An imaginary judgment [it has been a while, and I always like doing these]. This is like a Kramer versus Kramer for whimsical emo kids…
The Court is dealing today with an application by a father, Mr Edward Scissorhands, for contact with his son, Vincent. Vincent is just 3 months old, and lives with his mother, Kim Scissorhands. The parents have been estranged since the latter stages of the mother’s pregnancy with Vincent, and live apart.
The unusual feature of this case is a stark one. Mr Scissorhands suffers from a unique physical disability, in that he does not possess hands with opposable thumbs and fingers, but rather a series of blades, five on each hand, the longest of which is approximately eighteen inches long.
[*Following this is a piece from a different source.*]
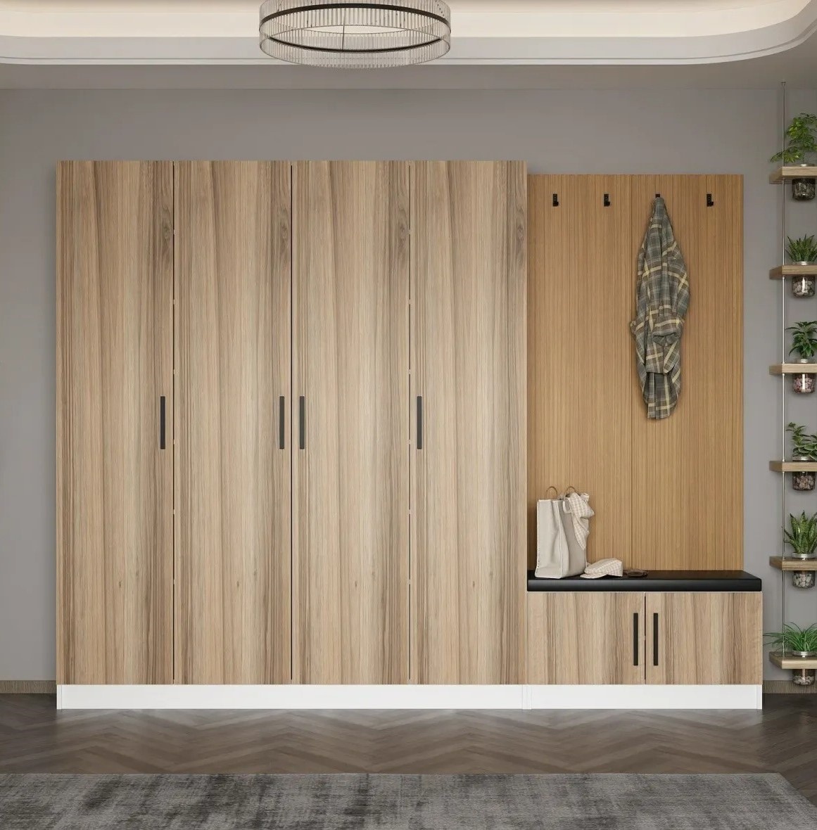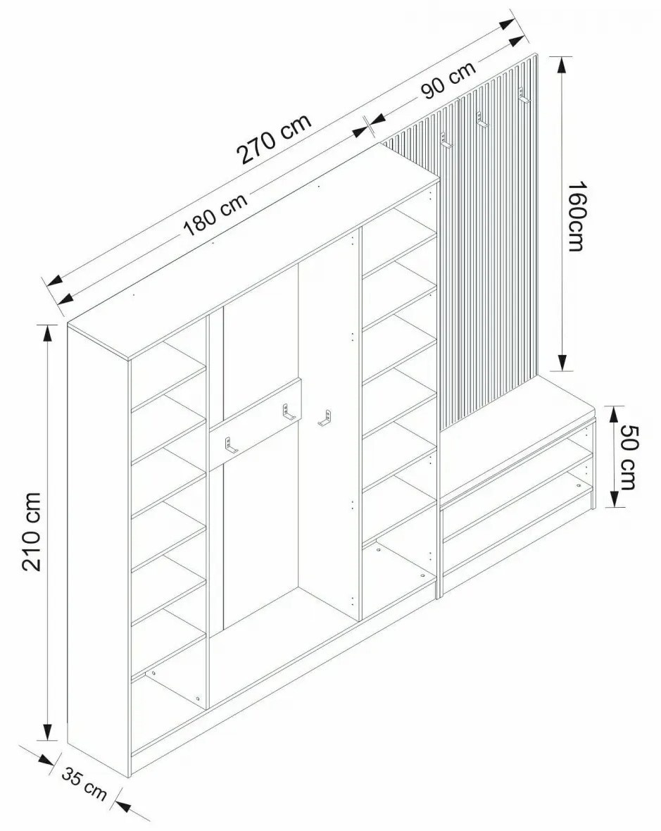 Cu o lățime de 270 cm, o înălțime de 210 cm și o adâncime de 35 cm, suportul pentru hol oferă un spațiu de depozitare generos pentru a menține holul organizat și ordonat. Rafturile și compartimentele spațioase oferă loc pentru chei, corespondență, pălării și alte lucruri esențiale, astfel încât totul să fie la îndemână.

Mr Scissorhands has learned, throughout his life, to use these ‘blade fingers’ with precision and accuracy, and the Court has been shown photographs of ice sculptures made by the father, which show both a high degree of artistic skill and control over these fingers.
It is common ground in this case that Mr Scissorhands is a warm and kind man, who loves and adores his child and that he would be a positive influence and a good role model – his forebearance, inner strength, his kind heart and the way he has overcome what for many people would appear insurmountable obstacles, all do him enormous credit and would be a fine example for his son.
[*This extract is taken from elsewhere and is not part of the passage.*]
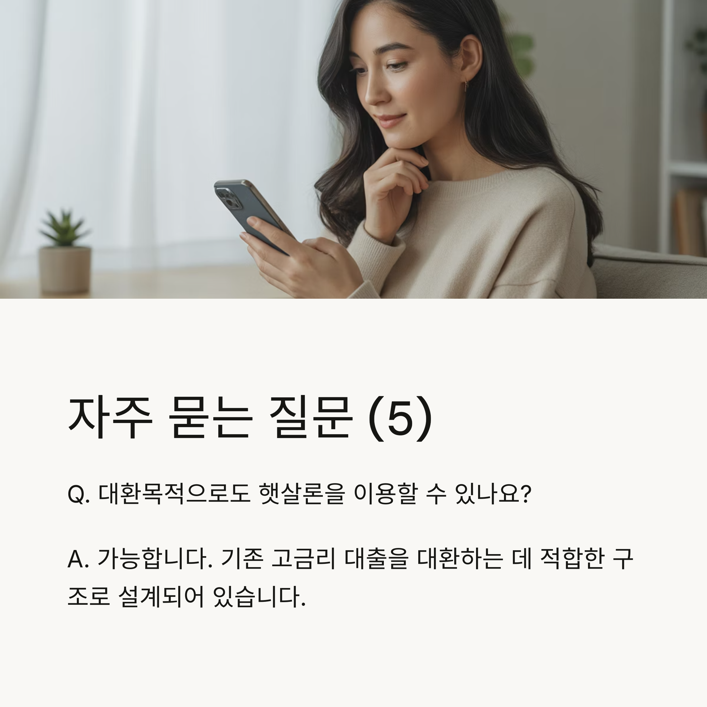 A7. 가능합니다. 기존 고금리 대출을 대환하는 데 적합한 구조로 설계되어 있습니다.

Nor is there any ill-will or animosity between the parents, save for their disagreement as to whether contact can safely take place.
The issue is whether, despite Mr Scissorhands knowledge of childcare and desire to put that knowledge into practice, he would be physically capable of doing so safely.
It is factually correct, and Mr Scissorhands accepts this, that he could not hold his son, nor safely touch him, and that as a result, things that many parents take for granted, such as cuddling, tickling, hugging, changing a nappy, holding the child’s hand when crossing a road, are not possible for him.
He was asked, by counsel representing the mother, for example, to demonstrate whilst in the witness box, how he would play a game of “peekaboo” and this resulted in several minor, but nonetheless real, cuts to his forehead, which would of course be not desirable for either the father or the child in what is ordinarily a happy and joyful interaction.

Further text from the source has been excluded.